R1a-L664 was probably more common and got reduced by Social Sellection, but may been related to Single Graves.

Virgin_Quilles_Sucks_R1a_Chadvski said...

@Davidski
I m making one list of Noble Families and Famous that are(or were) R1a, cause Maciamo Hay simple omitted a bunch and favor R1b lines, only on mine subgroup I found >30 lines , I guess that we will find a lot , specially from Poland, that had a great % of Nobles in their population even before Feudal (mostly) collapse.
Those guys always want to make our lineage secundary, when in fact we had Brahmins and Tribal Chieftains , several Great Scientists, Politicians, Monarchs.
I think that it is the greatest motivation to the Yamnaya Theory's Acceptance, Eastern Europe was the Homeland of Indo Europeans, the IE tradition always suggested that Elite Males wouldn't go abroad and conquest everywhere, in fact those who stayed on Eastern Euro were probably Elites and those who migrated was rivals that should been difficult to control.
Concepts like Koryos explain it , why should the dominant clan migrate earlier to Czech and the low continuous on the Homeland?
Considering both lineages couldn't came from Any Yamnaya source.

Ebizur said...

Y-DNA haplogroup R1b-M343 appears to have produced many branches over a span of approximately 4,000 years immediately following the MRCA of all extant R1b-M343. However, the branch that has produced R-M269 seems to have emerged from a bottleneck approximately 8,000 years after the conclusion of R1b-M343's early phase of diversification.

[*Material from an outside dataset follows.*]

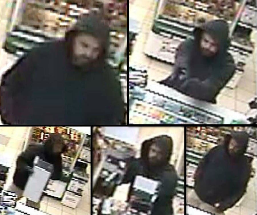 The suspect is described as a white male in his 30s, about 5 feet 5 inches to 5 feet 8 inches in height, with a reddish/brown in color beard or goatee. On the night of the robbery, he wore a black hoodie shirt, khaki pants and gloves.

I do not see any example of pre-R-M269 (i.e. Y-DNA that is more closely related to every member of R-M269 than to any member of R-M73 but whose MRCA with known members of R-M269 predates the MRCA of all known members of R-M269) tabulated on FTDNA Discover's Time Tree.

Has a reliably determined case of R-P297(xM269, M73) never been found anywhere even among samples of ancient DNA?

Gaska said...

@Virgin etc etc etc..

1-So, you don't know of any R1b samples among Amerindians before the European conquest, do you?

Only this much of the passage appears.